Mr. Shaw told the court he was working in the Printing Plus office on the night of the murder from 6 to 9. He said he didn’t see anyone coming or going from the Oland office, and the only thing unusual was the loud noises.

He was working at Printing Plus with his friend, John Ainsworth.

“We looked at each other,” Mr. Shaw said, when the two heard the noises. “Then it stopped.”

They did not investigate.

“I figured it could have been someone putting furniture together, or moving things around,” Mr. Shaw said.

Mr. Ainsworth will be called to testify at a later date, but the prosecution has already told the trial he is less certain of the time, saying it was between 6 and 8 p.m.

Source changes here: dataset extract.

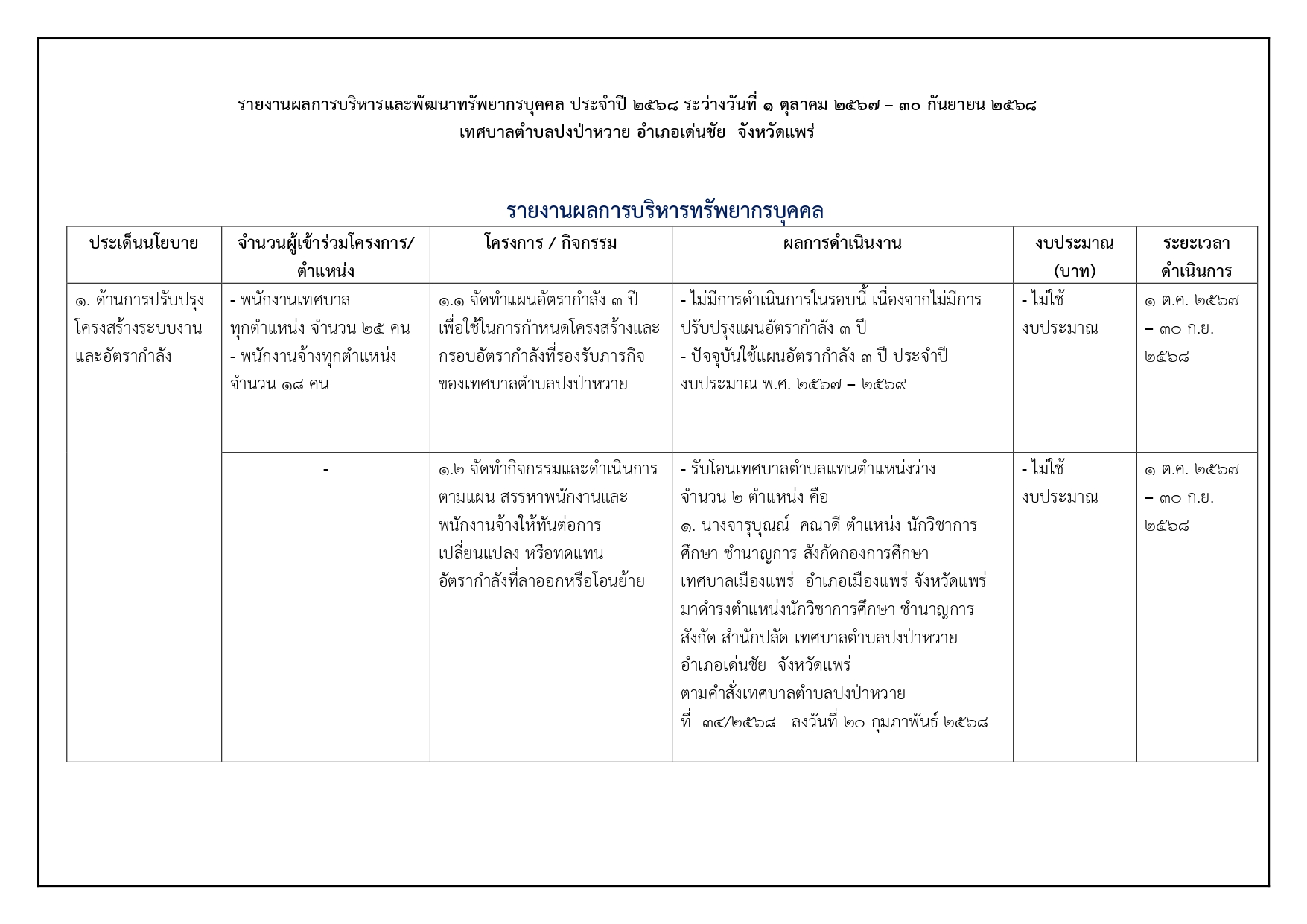 รายงานผลการบริหารและพัฒนาทรัพยากรบุคคลประจำปี พ.ศ. 2568

Mr. Shaw said the only customer that night was a man who came in and sent a fax at around 8 p.m. He said that time is important to his recollection.

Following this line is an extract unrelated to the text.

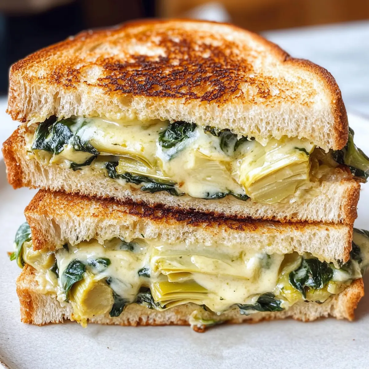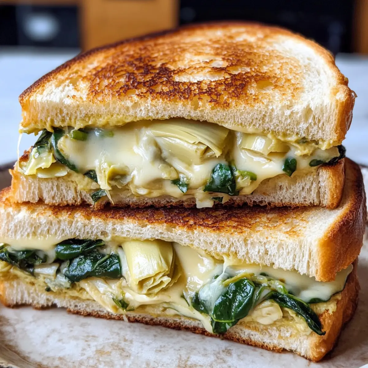 Es war ein regnerischer Nachmittage, als ich die perfekte Lösung für die Untätigkeit in der Küche fand: den Spinat- und Artischocken-Schmelz. Inspiriert von dem beliebten Spinat-Artischocken-Dip bringt dieses Rezept die geliebte Kombination aus cremigem Käse, frischem Spinat und herzhaften Artischocken auf ein neues Level — zwischen zwei perfekt gerösteten Brotscheiben. Diese köstlichen Sandwiches sind nicht nur ein schneller Genuss, sondern auch eine großartige vegetarische Option für jede Mahlzeit. Egal, ob du deine Familie oder Freunde verwöhnen möchtest, oder einfach nur Lust auf etwas Herzhaftes hast, dieses Rezept wird garantiert begeistern und sich sogar für glutenfreie Varianten anpassen lassen. Bist du bereit, deinem nächsten Mittagessen einen köstlichen Twist zu verleihen? Warum solltest du diesen Spinat-Schmelz probieren? Komfort auf höchstem Niveau: Diese Spinat- und Artischocken-Schmelze sind die perfekte Wahl für jeden Käseliebhaber. Einfache Zubereitung: Mit nur wenigen Zutaten und klaren Anweisungen kannst du in kürzester Zeit ein herzhaftes Gericht zaubern. Kreative Variationen: Experimentiere mit verschiedenen Käsesorten oder füge Zutaten wie getrocknete Tomaten hinzu für zusätzliche Farbtupfer. Harmonische Geschmäcker: Die Kombination aus cremigem Käse und frischem Gemüse sorgt für ein unvergessliches Geschmackserlebnis. Vielseitige Beilage: Kombiniere dein Sandwich mit einer einfachen Salat- oder Tomatensuppe für das perfekte Mittagessen. Geselliges Kochen: Ideal für Familienessen oder Einladungen, wird dieses Rezept alle begeistern! Spinat- und Artischocken-Schmelz Zutaten Für die Füllung Butter – sorgt für ein reichhaltiges Aroma und hilft, das Brot goldbraun zu rösten. Verwende Olivenöl für eine milchfreie Option. Knoblauch (2 Zehen, gehackt) – bringt intensiven Geschmack in die Füllung. Frischer Knoblauch ist für den besten Geschmack empfohlen. Zwiebel (1/4 Tasse, gehackt) – fügt der Füllung Süße und Tiefe hinzu. Alternativ kannst du Schalotten oder Frühlingszwiebeln verwenden. Peperoncini (1/4 Tasse, fein gehackt) – sorgt für eine würzige Note. Bei milderem Geschmack kann dieser auch weggelassen werden. Frischkäse (2 Unzen) – verleiht der Füllung Cremigkeit. Für eine milchfreie Version nutze veganen Frischkäse. Artischockenherzen (1 Dose, 15 Unzen) – sorgt für Textur und Geschmack. Frische oder gefrorene Artischocken können ebenfalls verwendet werden. Babyspinat (8 Unzen) – bietet Frische und Nährstoffe. Kann auch durch Grünkohl oder Mangold ersetzt werden. Mozzarella (6 Unzen, gerieben) – sorgt für die schmelzende und fadenartige Textur. Probiere alternativ Provolone oder Gruyère für unterschiedliche Aromen. Cheddar (5 Unzen, gerieben) – fügt eine kräftige Note hinzu; hier kann auch weißer Cheddar verwendet werden. Parmesan (2 Unzen, gerieben) – verstärkt das Gesamtaroma; ersetze ihn mit Pecorino Romano für einen intensiveren Geschmack. Salz (1/4 Teelöffel) – hebt alle Aromen hervor. Nach Geschmack anpassen. Schwarzer Pfeffer (1/4 Teelöffel) – sorgt für eine milde Schärfe; kann durch rote Pfefferflocken für mehr Würze ersetzt werden. Für das Brot Sauerteigbrot (8 Scheiben) – sorgt für den idealen Crunch und die leichten Säurenoten. Glutenfreies Brot kann als Ersatz für spezielle Ernährungsbedürfnisse verwendet werden. Schritt-für-Schritt-Anleitung für Spinat- und Artischocken-Schmelz: Käsekomfortessen Step 1: Butter und Zwiebeln anbraten Erhitze 2 Esslöffel Butter in einer Pfanne bei mittlerer bis niedriger Hitze. Füge den gehackten Knoblauch und die Zwiebeln hinzu und brate sie 3-4 Minuten lang an, bis sie weich und duftend sind. Achte darauf, dass die Temperatur nicht zu hoch ist, damit der Knoblauch nicht verbrennt. Step 2: Peperoncini und Frischkäse hinzufügen Rühre die fein gehackten Peperoncini in die Pfanne und koche sie 2 Minuten lang mit den Zwiebeln. Anschließend füge den Frischkäse hinzu und rühre, bis dieser geschmolzen und gut mit den anderen Zutaten vermischt ist. Die Füllung sollte jetzt cremig und aromatisch sein. Step 3: Artischocken und Spinat einrühren Füge die abgetropften Artischockenherzen, den Babyspinat, Salz und Pfeffer hinzu. Rühre die Mischung gut um und koche weiter, bis der Spinat zusammengefallen ist, etwa 4 Minuten. Die Füllung sollte jetzt eine lebendige Farbe und eine angenehm lockere Textur haben. Step 4: Käse unterrühren Nimm die Pfanne vom Herd und mische die geriebenen Mozzarella-, Cheddar- und Parmesan-Käsesorten unter die Füllung, bis sie gleichmäßig verteilt sind. Diese Mischung sollte jetzt dick und schmelzbar sein, perfekt für deinen Spinat- und Artischocken-Schmelz. Step 5: Brot vorbereiten Bestreiche eine Seite jeder Brotscheibe mit Butter. Auf der unbutterten Seite von der Hälfte der Scheiben verteilst du etwa 1/3 Tasse der Käsemischung gleichmäßig. Lege dann die restlichen Brotscheiben mit der buttrigen Seite nach außen darauf und drücke sie leicht zusammen. Step 6: Sandwiches braten Erhitze eine große Pfanne oder ein Grillgerät bei mittlerer bis niedriger Hitze. Lege die Sandwiches in die Pfanne und brate sie 6 Minuten lang, bis die Unterseite goldbraun und knusprig ist. Wende die Sandwiches vorsichtig und brate auch die andere Seite, bis sie ebenfalls goldbraun wird. Step 7: Servieren und genießen Sobald die Sandwiches fertig sind, schneide sie in der Mitte durch und serviere sie sofort. Diese Spinat- und Artischocken-Schmelze sind nicht nur ein toller Leckerbissen, sondern auch eine köstliche Option für dein nächstes Mittagessen. Was passt zu Spinat- und Artischocken-Schmelz? Entdecke die perfekten Begleiter für dein köstliches Sandwich und genieße eine rundum harmonische Mahlzeit. Frischer Garten-Salat: Ein leichter, knackiger Salat mit saisonalem Gemüse bringt Frische und sorgt für einen schönen Kontrast zu dem cremigen Schmelz. Tomatensuppe: Eine warme, saftige Tomatensupp

“It gave me a reference point,” he said under cross examination by defence lawyer Alan Gold.

Grant Fredericks, who runs Forensic Video Solutions in Spokane, Wash., also was on the stand at the Oland trial on Wednesday.

He looked at surveillance footage from locations in the Saint John area where Mr. Oland was caught on camera in the hours before and after Richard Oland was killed.

Dennis Oland, 50, a former investment adviser, is on trial for the second-degree murder of his father. This is a retrial since Mr. Oland’s conviction in 2015 was set aside on appeal and a new trial ordered.

Mr. Fredericks’s testimony from 2015 was replayed for the current trial. Crown prosecutors and the defence have agreed to reuse testimony from the first trial where possible, to save time and money.

Mr. Fredericks told the court his video search was confined to three items of clothing: a brown jacket, a checkered shirt and a pair of shorts. He compared video footage of Dennis Oland wearing these items on July 6, 2011, with police photos of the items after they were seized and became evidence.

In all cases, Mr. Fredericks could not say if the clothes were the same, only that they had the “same class features” meaning they were similar or the same type.

It is something of a moot point for the trial. Mr. Oland already has confirmed he was wearing the brown jacket and the shirt, although he initially told the police he was wearing a navy jacket on the day of his father’s murder.

His defence lawyers have said it was an “honest mistake.”

The brown Hugo Boss jacket was found to have several small bloodstains on it and DNA that matched Richard Oland’s profile.

Both the jacket and the shirt, which had stains on it that could not be forensically identified, were dry cleaned in the days following the murder.

Under cross examination by defence, Mr. Fredericks said he was not given any other items to compare, including shoes that Mr. Oland may have been wearing.

Police found no blood on any of the eight pairs of shoes in Mr. Oland’s closet.

The crime scene was very bloody. Richard Oland, 69, was struck more than 40 times with an axe-like weapon and a blunt, hammer-type instrument, possibly a dry-wall hammer. A weapon was never found.

The trial continues on Thursday. It is expected to last until mid-March.